◆ **DATA FOR REVIEW**
--------------------------------------------------

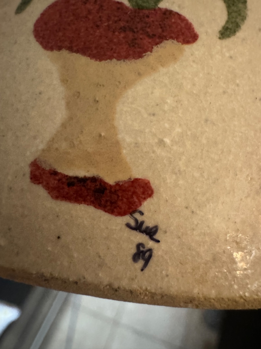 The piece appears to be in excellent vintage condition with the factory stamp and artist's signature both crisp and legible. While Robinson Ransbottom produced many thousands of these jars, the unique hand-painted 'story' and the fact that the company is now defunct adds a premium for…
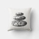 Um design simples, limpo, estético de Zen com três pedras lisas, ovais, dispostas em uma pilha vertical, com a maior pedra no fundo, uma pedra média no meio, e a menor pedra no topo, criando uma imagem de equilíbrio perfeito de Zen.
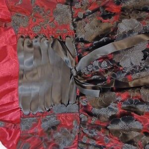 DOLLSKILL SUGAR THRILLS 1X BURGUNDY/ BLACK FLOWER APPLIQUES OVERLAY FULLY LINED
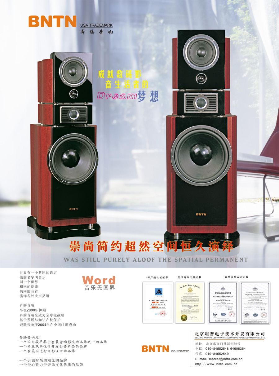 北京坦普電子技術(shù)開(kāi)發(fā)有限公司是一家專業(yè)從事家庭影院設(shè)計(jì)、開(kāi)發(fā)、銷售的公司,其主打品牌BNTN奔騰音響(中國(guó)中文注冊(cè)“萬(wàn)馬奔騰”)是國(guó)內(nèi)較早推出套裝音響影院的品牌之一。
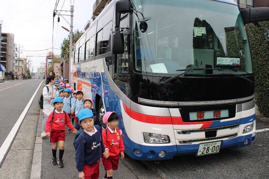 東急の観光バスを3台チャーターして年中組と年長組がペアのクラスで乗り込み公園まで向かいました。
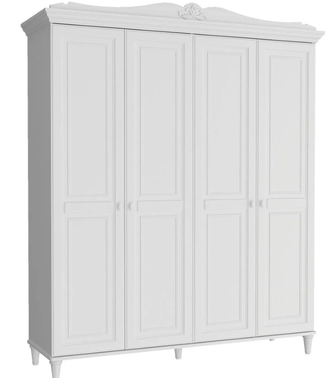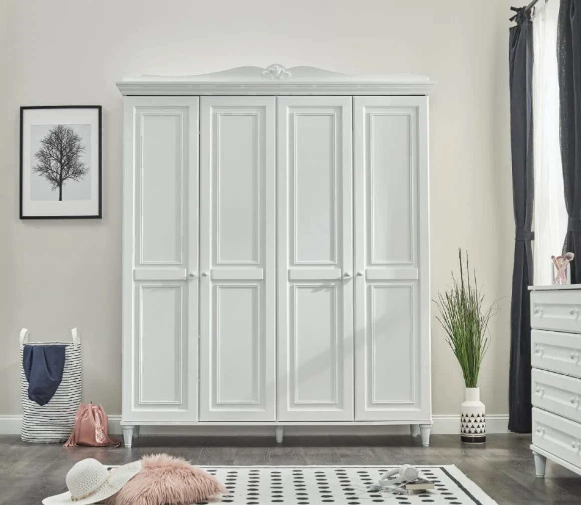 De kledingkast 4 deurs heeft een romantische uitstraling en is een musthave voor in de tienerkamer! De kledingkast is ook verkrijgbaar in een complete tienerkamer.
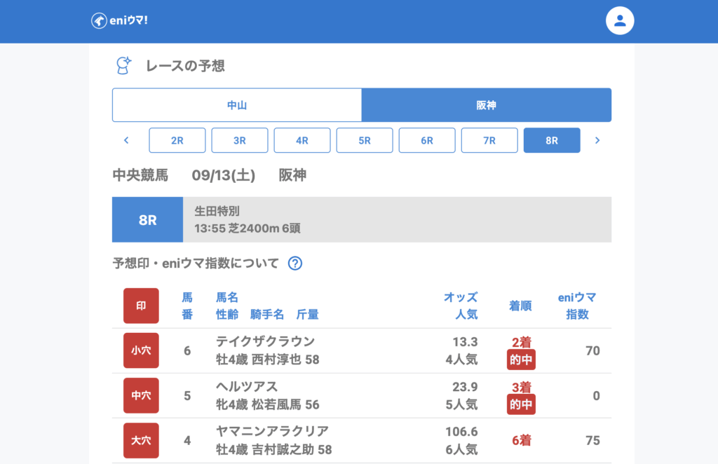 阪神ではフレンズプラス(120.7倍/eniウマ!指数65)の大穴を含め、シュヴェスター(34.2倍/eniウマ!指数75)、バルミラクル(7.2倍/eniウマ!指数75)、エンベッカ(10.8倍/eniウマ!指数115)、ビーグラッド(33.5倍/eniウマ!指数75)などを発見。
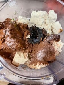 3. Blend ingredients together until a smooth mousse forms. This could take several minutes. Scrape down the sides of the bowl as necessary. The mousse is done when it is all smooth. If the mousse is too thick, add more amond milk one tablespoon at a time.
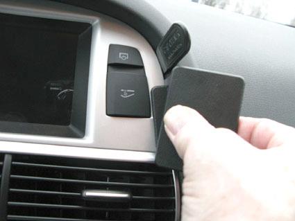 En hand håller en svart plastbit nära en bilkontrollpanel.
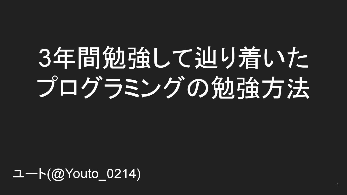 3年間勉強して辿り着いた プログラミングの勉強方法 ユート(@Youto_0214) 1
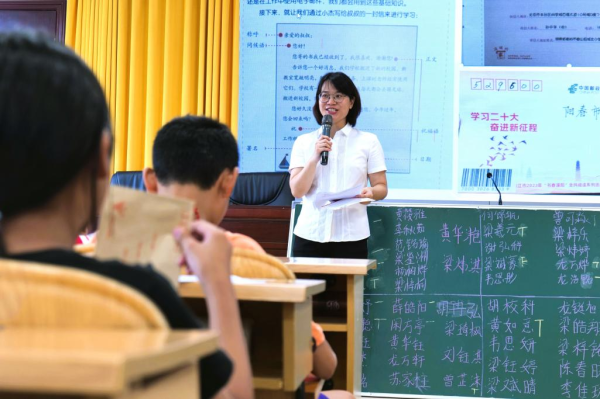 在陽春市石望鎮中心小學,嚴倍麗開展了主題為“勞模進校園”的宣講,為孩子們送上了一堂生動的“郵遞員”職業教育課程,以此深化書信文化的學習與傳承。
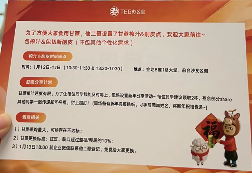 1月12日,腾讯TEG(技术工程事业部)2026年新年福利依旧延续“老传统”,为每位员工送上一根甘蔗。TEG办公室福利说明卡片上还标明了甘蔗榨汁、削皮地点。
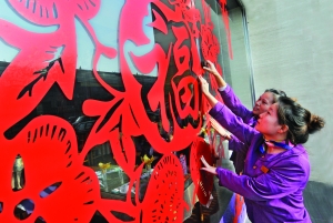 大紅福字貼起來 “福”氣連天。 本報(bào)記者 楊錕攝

--------------------------------------------------

◆ **TASK BRIEF**
Write out exactly the lines from the one that contains "Um design simples, limpo, estético" through the last line of the data above, both included. Leave every picture out.

◆ **FINISHED EXERCISE**
 Um design simples, limpo, estético de Zen com três pedras lisas, ovais, dispostas em uma pilha vertical, com a maior pedra no fundo, uma pedra média no meio, e a menor pedra no topo, criando uma imagem de equilíbrio perfeito de Zen.
 DOLLSKILL SUGAR THRILLS 1X BURGUNDY/ BLACK FLOWER APPLIQUES OVERLAY FULLY LINED
 北京坦普電子技術(shù)開(kāi)發(fā)有限公司是一家專業(yè)從事家庭影院設(shè)計(jì)、開(kāi)發(fā)、銷售的公司,其主打品牌BNTN奔騰音響(中國(guó)中文注冊(cè)“萬(wàn)馬奔騰”)是國(guó)內(nèi)較早推出套裝音響影院的品牌之一。
 東急の観光バスを3台チャーターして年中組と年長組がペアのクラスで乗り込み公園まで向かいました。
 De kledingkast 4 deurs heeft een romantische uitstraling en is een musthave voor in de tienerkamer! De kledingkast is ook verkrijgbaar in een complete tienerkamer.
 阪神ではフレンズプラス(120.7倍/eniウマ!指数65)の大穴を含め、シュヴェスター(34.2倍/eniウマ!指数75)、バルミラクル(7.2倍/eniウマ!指数75)、エンベッカ(10.8倍/eniウマ!指数115)、ビーグラッド(33.5倍/eniウマ!指数75)などを発見。
 3. Blend ingredients together until a smooth mousse forms. This could take several minutes. Scrape down the sides of the bowl as necessary. The mousse is done when it is all smooth. If the mousse is too thick, add more amond milk one tablespoon at a time.
 En hand håller en svart plastbit nära en bilkontrollpanel.
 3年間勉強して辿り着いた プログラミングの勉強方法 ユート(@Youto_0214) 1
 在陽春市石望鎮中心小學,嚴倍麗開展了主題為“勞模進校園”的宣講,為孩子們送上了一堂生動的“郵遞員”職業教育課程,以此深化書信文化的學習與傳承。
 1月12日,腾讯TEG(技术工程事业部)2026年新年福利依旧延续“老传统”,为每位员工送上一根甘蔗。TEG办公室福利说明卡片上还标明了甘蔗榨汁、削皮地点。
 大紅福字貼起來 “福”氣連天。 本報(bào)記者 楊錕攝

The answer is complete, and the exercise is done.